Write out nothing but the lines from the first line of the entries below through the line with "8月18日讯 德转盘点了英超"; no pictures go in.

(Data to examine begins)

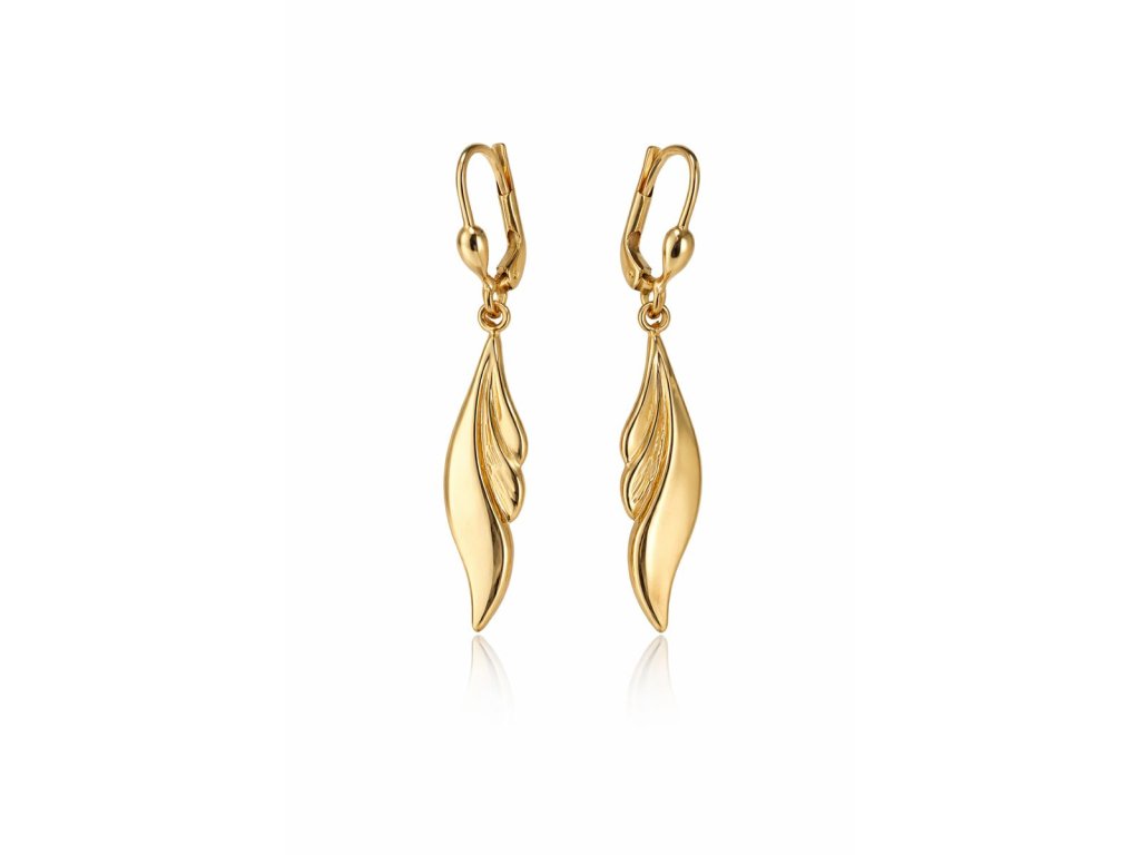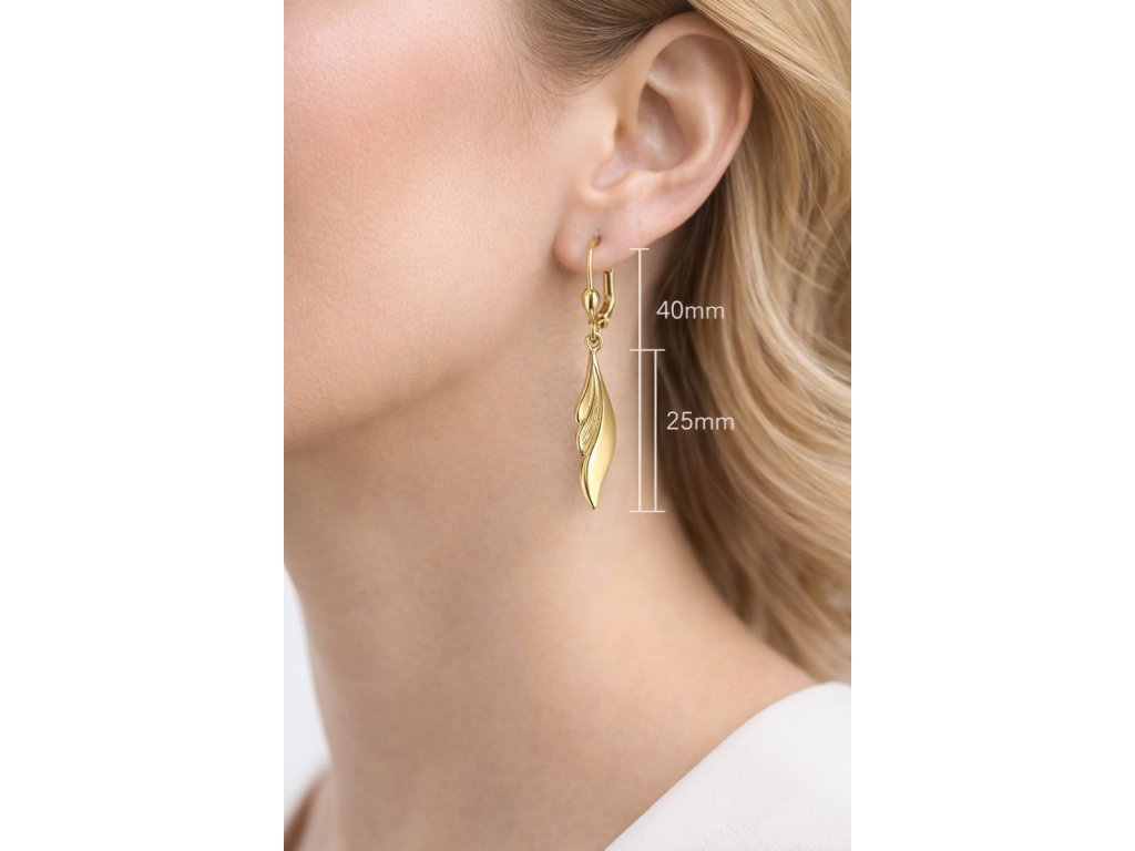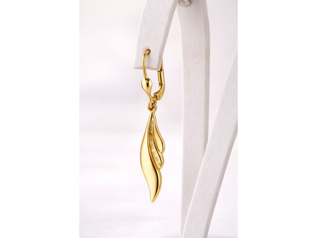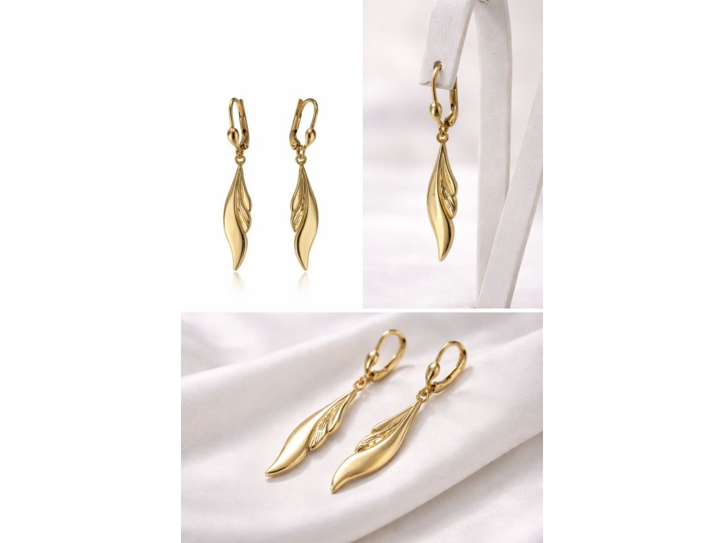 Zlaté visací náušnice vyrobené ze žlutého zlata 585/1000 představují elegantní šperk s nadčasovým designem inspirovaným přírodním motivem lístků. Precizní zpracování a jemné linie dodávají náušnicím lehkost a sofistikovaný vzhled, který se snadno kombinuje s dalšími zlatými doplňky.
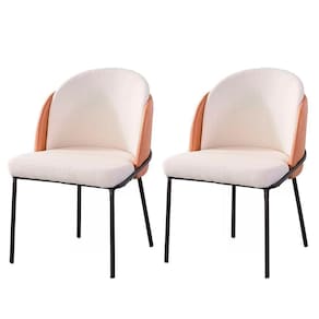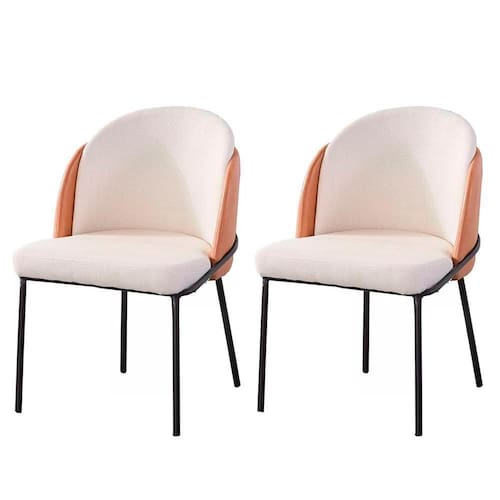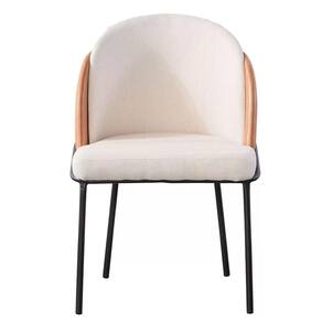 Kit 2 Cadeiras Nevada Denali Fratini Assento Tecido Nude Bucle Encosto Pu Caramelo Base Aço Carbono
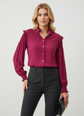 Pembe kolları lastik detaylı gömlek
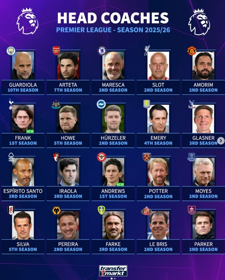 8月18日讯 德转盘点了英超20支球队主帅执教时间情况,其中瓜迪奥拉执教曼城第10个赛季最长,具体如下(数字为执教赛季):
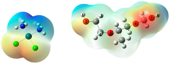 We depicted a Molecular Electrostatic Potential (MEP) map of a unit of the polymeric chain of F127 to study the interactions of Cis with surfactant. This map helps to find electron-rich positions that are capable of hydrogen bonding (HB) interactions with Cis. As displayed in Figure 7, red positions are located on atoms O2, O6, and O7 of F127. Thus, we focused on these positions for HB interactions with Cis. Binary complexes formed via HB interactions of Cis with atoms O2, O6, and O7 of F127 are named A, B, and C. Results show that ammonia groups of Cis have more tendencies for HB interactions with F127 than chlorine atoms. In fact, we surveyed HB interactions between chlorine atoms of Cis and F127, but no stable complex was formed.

(Data to examine ends)

● Output below:
 Zlaté visací náušnice vyrobené ze žlutého zlata 585/1000 představují elegantní šperk s nadčasovým designem inspirovaným přírodním motivem lístků. Precizní zpracování a jemné linie dodávají náušnicím lehkost a sofistikovaný vzhled, který se snadno kombinuje s dalšími zlatými doplňky.
 Kit 2 Cadeiras Nevada Denali Fratini Assento Tecido Nude Bucle Encosto Pu Caramelo Base Aço Carbono
 Pembe kolları lastik detaylı gömlek
 8月18日讯 德转盘点了英超20支球队主帅执教时间情况,其中瓜迪奥拉执教曼城第10个赛季最长,具体如下(数字为执教赛季):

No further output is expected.